# variant map



## Furcifer158 (Feb 16, 2008)

Just saw this online today thought it was cool
enjoy
http://www.cichlidae.com/sections/tb/di ... efault.php


----------



## Boby_ (Oct 10, 2002)

Somebody invested in this a lot of time and effort but I'm afraid that it is too old already.


----------



## BrownBullhead (May 15, 2005)

Boby_: Jessica Miller published that map in 1997. No one can debate the age of the publication, but it is still a nice graphical representation of the "where" behind the Tropheus variants. I saw one other simlar map once-upon-a-time, but honestly, I can't recall the URL.


----------



## BrownBullhead (May 15, 2005)

Actually, here is the one I was thinking of.


----------



## 24Tropheus (Jun 21, 2006)

All good stuff I think.
Also
HeatherinNH
in
Trophs.com is trying to build an interactive one from photos.
Check it out.
And add to it please.
Or make a better one. :drooling:

http://trophs.com/forums/index.php?show ... entry10270
http://maps.google.com/maps/ms?hl=en&ie ... db&t=k&z=7

I think the one with the most types is still Peter Schupke Tropheus aqualog book one. From 2000 it is getting dated? Has anyone done the updates?


----------



## TaNgS_RuLe (Sep 26, 2007)

tropheus ilangi and nkamba are not the same fish?


----------



## BrownBullhead (May 15, 2005)

*TaNgS_RuLe*: Some people refer to "Yellow Ilangi" and "Red Ilangi".
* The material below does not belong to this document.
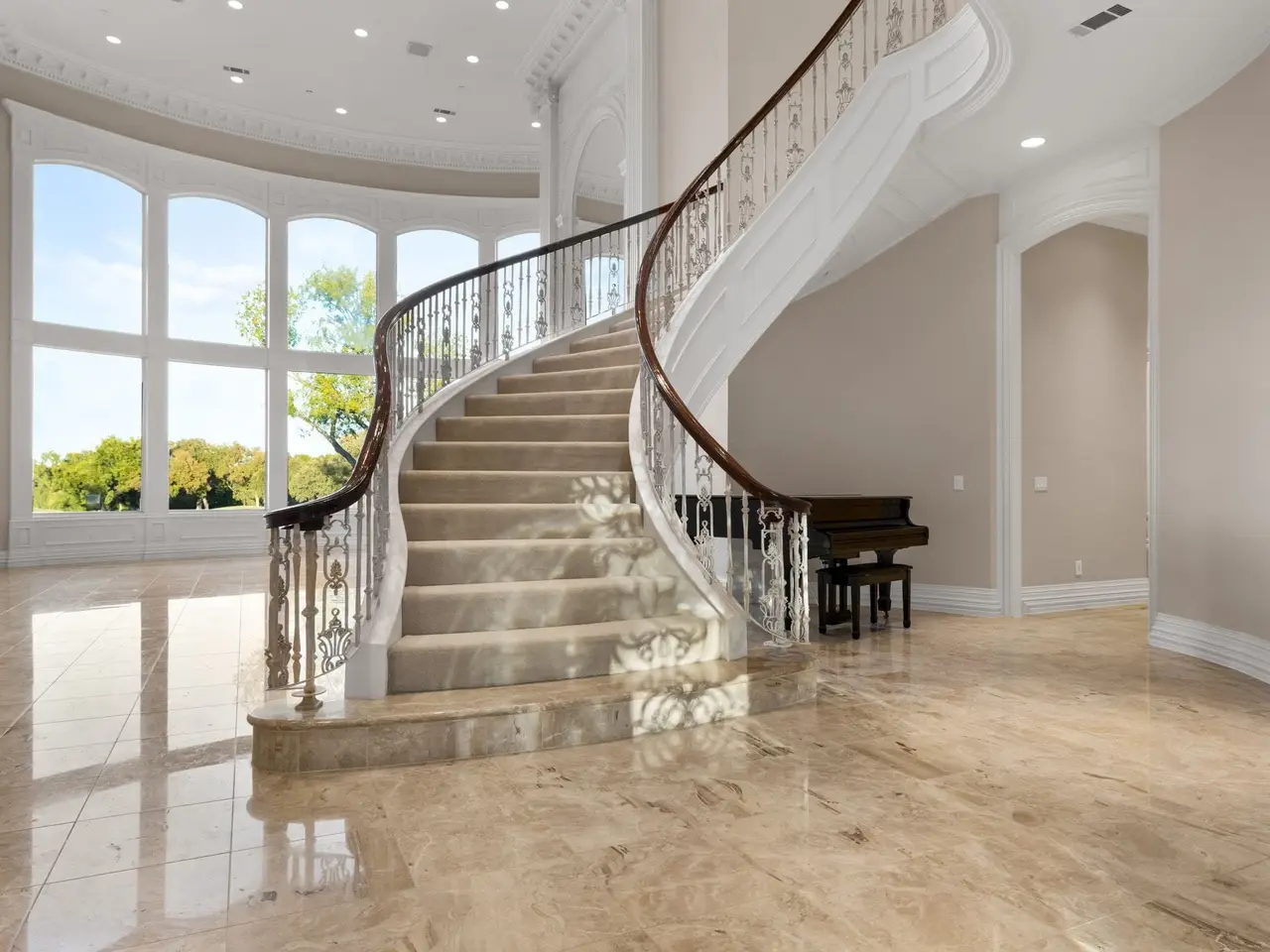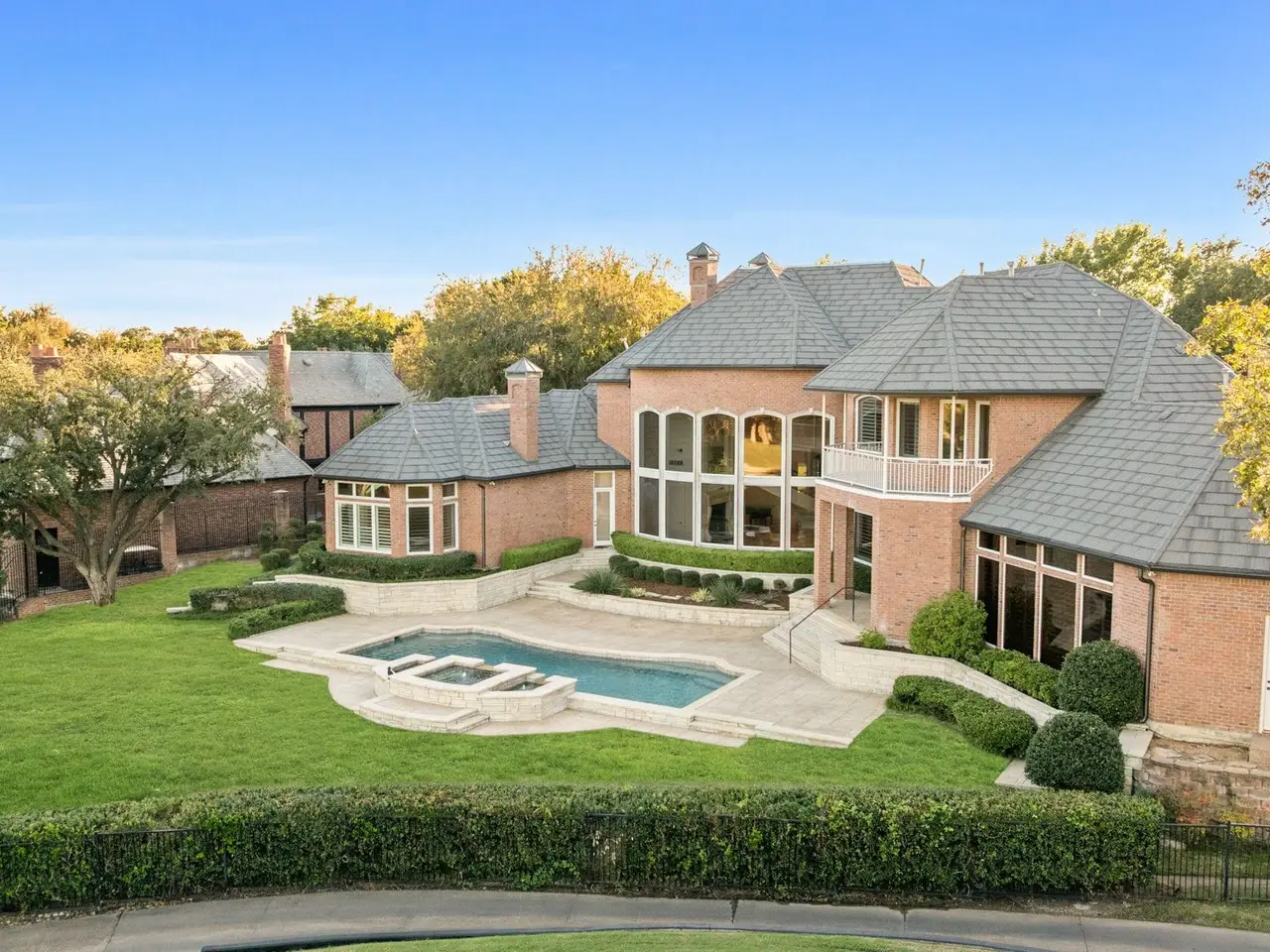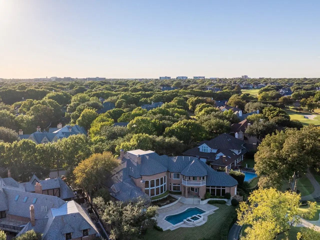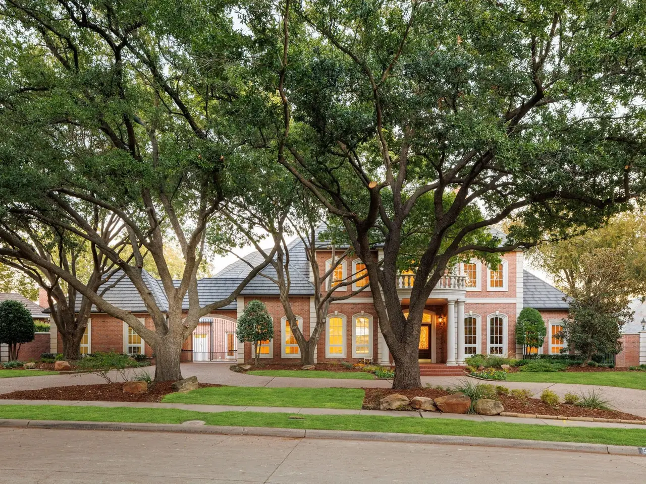 Tucked away on a quiet cul-de-sac surrounded by lush, mature trees, this breathtaking traditional estate offers more than 9,000 square feet of refined living overlooking the 12th fairway of the Gleneagles Queens Course. A circle drive, grand double-leaded glass doors, and manicured landscaping set the stage for the sophistication within. Inside, the home impresses with soaring ceilings, marble floors, and intricate crown molding. Sunlight floods through expansive windows framing sweeping views of the pool, creek, and rolling hills beyond. A dramatic curved staircase greets guests in the foyer, while the formal living and dining spaces are complemented by a butlers pantry with built-insperfect for entertaining in style. The den, featuring a stately wood coffered ceiling and wet bar, looks out to tranquil golf course views. A game room with a second wet bar offers the ideal space for relaxed gatherings. The gourmet kitchen is a true centerpiece with Thermador and GE Profile appliances, a massive island, a FiveStar commercial-grade 6-burner cooktop, double ovens and dishwashers, and new custom cabinetry throughout. The primary suite provides a sanctuary of luxury with a sitting area overlooking the greens, a cedar closet, and a spa-like bath with a freestanding tub, marble shower, dual vanities and toilets, and a bidet. An upstairs secondary suite includes one ideal for a secondary study and a second primary in-law suite with a balcony and fireplace. Beyond the interiors, enjoy a resort-style outdoor experience with an expansive pool deck, lush play yard, and full pool bath. Thoughtful details abound, from two front and two rear gated porte cocheres to a potting room workshop off the garage and a back staircase for convenience. An extraordinary blend of craftsmanship, comfort, and settingthis estate captures the essence of luxury golf course living in one of North Texass most prestigious communities.

Red Ilangi are also known as "Chilanga", and are collected at Nkamba Bay. Supposedly, Yellow Ilangi (i.e. Ad Konings infamous image) live elsewhere on the same bay, separated from the Red Ilangi by physical aquascape.

If you see "Ilangi Nkamba Bay" listed on stocklists currently, it has been my experience that it is usually "Chilanga" (Red Ilangi) that is being sold.


----------